Atezolizumab in platinum-treated locally advanced or metastatic urothelial carcinoma: post-progression outcomes from the phase II IMvigor210 study

Abstract

Background: Conventional criteria for tumor progression may not fully reflect the clinical benefit of immunotherapy or appropriately guide treatment decisions. The phase II IMvigor210 study demonstrated the efficacy and safety of atezolizumab, a programmed death-ligand 1-directed antibody, in patients with platinum-treated locally advanced or metastatic urothelial carcinoma. Patients could continue atezolizumab beyond Response Evaluation Criteria In Solid Tumors (RECIST) v1.1 progression at the investigator's discretion: this analysis assessed post-progression outcomes in these patients.

Patients and methods: Patients were treated with atezolizumab 1200 mg i.v. every 3 weeks until loss of clinical benefit. Efficacy and safety outcomes in patients who experienced RECIST v1.1 progression and did, or did not, continue atezolizumab were analyzed descriptively.
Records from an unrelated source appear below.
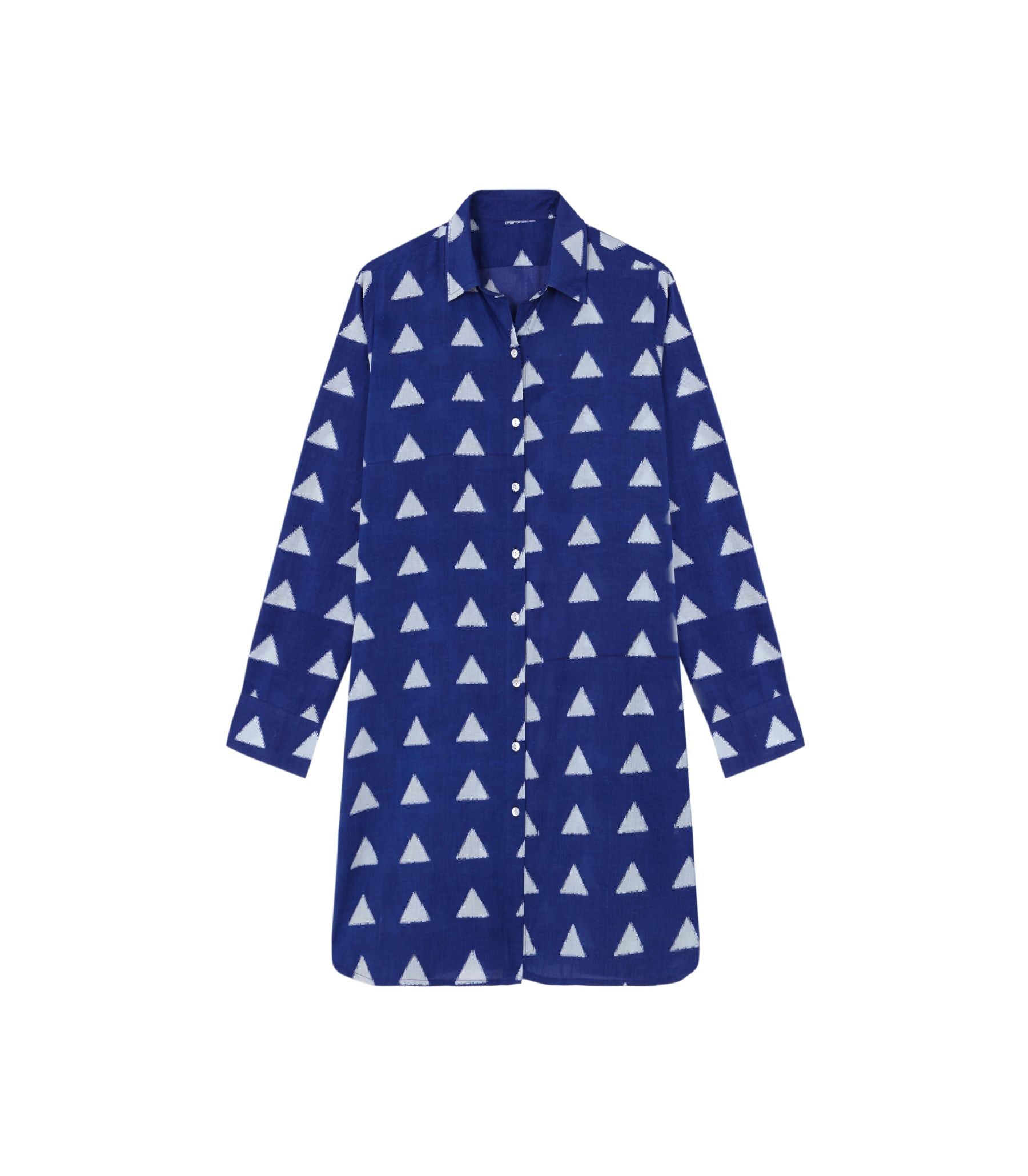 Vestido camisero de algodón con print de rayas en tonos amarillos y azules. Cuello camisa, cierre con botones delantero y mangas largas ajustables con trabilla.
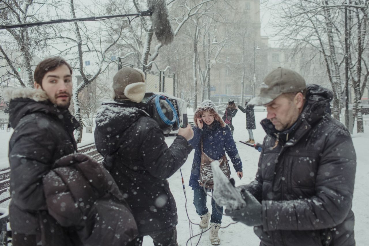 Режиссер фильма Сергей Дворцевой (2ой справа, с камерой), первый ассистент режиссера Вячеслав Агашкин, оператор Александр Мазур и актриса Самал Еслямова снимают уличную сцену. Помимо съемок на пленочную 16-миллиметровую камеру, сложность была еще и в том, что все уличные сцены должны были быть сняты во время мощных снегопадовФото: Денис Синяков ТД: Самал, насколько вам сложно или, наоборот, просто было существовать в фильме? Тем более что история Айки была написана специально для вас.
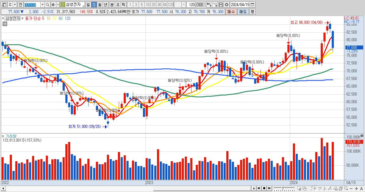 - 삼성전자 (77,600원 ▼ -7.29% , 시총: 4,632,551억, 거래량: 133,913,001, 거래대금:106,707억)

Results: In total, 220 patients who experienced progression from the overall cohort (n = 310) were analyzed: 137 continued atezolizumab for ≥ 1 dose after progression, 19 received other systemic therapy, and 64 received no further systemic therapy. Compared with those who discontinued, patients continuing atezolizumab beyond progression were more likely to have had a baseline Eastern Cooperative Oncology Group performance status of 0 (43.1% versus 31.3%), less likely to have had baseline liver metastases (27.0% versus 41.0%), and more likely to have had an initial response to atezolizumab (responses in 11.7% versus 1.2%). Five patients (3.6%) continuing atezolizumab after progression had subsequent responses compared with baseline measurements. Median post-progression overall survival was 8.6 months in patients continuing atezolizumab, 6.8 months in those receiving another treatment, and 1.2 months in those receiving no further treatment. Atezolizumab exposure-adjusted adverse event frequencies were generally similar before and following progression.
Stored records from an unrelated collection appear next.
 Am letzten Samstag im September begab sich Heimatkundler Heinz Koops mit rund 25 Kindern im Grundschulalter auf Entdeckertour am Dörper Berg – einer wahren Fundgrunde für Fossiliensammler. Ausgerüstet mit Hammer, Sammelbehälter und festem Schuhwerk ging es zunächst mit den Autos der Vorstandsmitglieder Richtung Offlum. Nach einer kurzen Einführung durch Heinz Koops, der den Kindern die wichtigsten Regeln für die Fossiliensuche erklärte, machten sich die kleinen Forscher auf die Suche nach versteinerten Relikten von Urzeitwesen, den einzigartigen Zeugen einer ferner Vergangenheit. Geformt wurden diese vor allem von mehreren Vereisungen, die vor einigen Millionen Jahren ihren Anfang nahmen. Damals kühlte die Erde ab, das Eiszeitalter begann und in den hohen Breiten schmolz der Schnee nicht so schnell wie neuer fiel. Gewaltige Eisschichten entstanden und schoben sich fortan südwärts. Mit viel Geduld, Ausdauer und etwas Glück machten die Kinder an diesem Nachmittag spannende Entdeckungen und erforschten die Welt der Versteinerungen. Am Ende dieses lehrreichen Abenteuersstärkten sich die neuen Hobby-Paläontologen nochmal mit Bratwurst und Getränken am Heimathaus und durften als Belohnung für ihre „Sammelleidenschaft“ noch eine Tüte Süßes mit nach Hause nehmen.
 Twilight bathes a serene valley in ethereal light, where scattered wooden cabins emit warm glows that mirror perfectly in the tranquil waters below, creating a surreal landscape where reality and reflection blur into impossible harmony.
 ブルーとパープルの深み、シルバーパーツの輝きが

Conclusion: In this single-arm study, patients who continued atezolizumab beyond RECIST v1.1 progression derived prolonged clinical benefit without additional safety signals. Identification of patients most likely to benefit from atezolizumab beyond progression remains an important challenge in the management of metastatic urothelial carcinoma.
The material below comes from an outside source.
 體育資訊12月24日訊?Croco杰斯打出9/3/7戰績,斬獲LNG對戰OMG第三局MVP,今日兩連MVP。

Clinicaltrials.gov id: NCT02108652.

Keywords: PD-L1; atezolizumab; immunotherapy; post-progression outcomes; programmed death-ligand 1; urothelial cancer.

© The Author 2017. Published by Oxford University Press on behalf of the European Society for Medical Oncology. All rights reserved. For permissions, please email: journals.permissions@oup.com.

Figures

Figure 1.

Changes in sum of target lesion longest diameters (SLDs) on study. (A) Changes in SLDs from the start of treatment in patients treated with atezolizumab, after Response Evaluation Criteria In Solid Tumors version 1.1 (RECIST v1.1) progression, who achieved a confirmed objective response before RECIST v1.1 progression [per independent review facility assessment (IRF)] (n = 16) The first occurrence of IRF-assessed PD is indicated by red circles. (B) Best post-progressive disease (PD) change in SLDs (from time of PD) for all patients treated with atezolizumab post-PD and who had a post-PD evaluation (n = 108). Response status refers to best overall post-PD response (per IRF) relative to study baseline. CR, complete response; PR, partial response; SD, stable disease.

Figure 2.

Overall survival (OS) from time of progression. Kaplan–Meier plot of OS by treatment status beyond progression. Inset displays median post-progression OS and 12-month OS rates. Median post-progression survival follow-up durations were 17.3 months (range, 0.2+ to 21.0 months) in patients who received atezolizumab beyond progression 15.0 months (range, 1.0+ to 16.7 months) in patients who received other systemic therapy, and not estimable (range, 0-11.5+ months) in patients who received no systemic therapy beyond progression.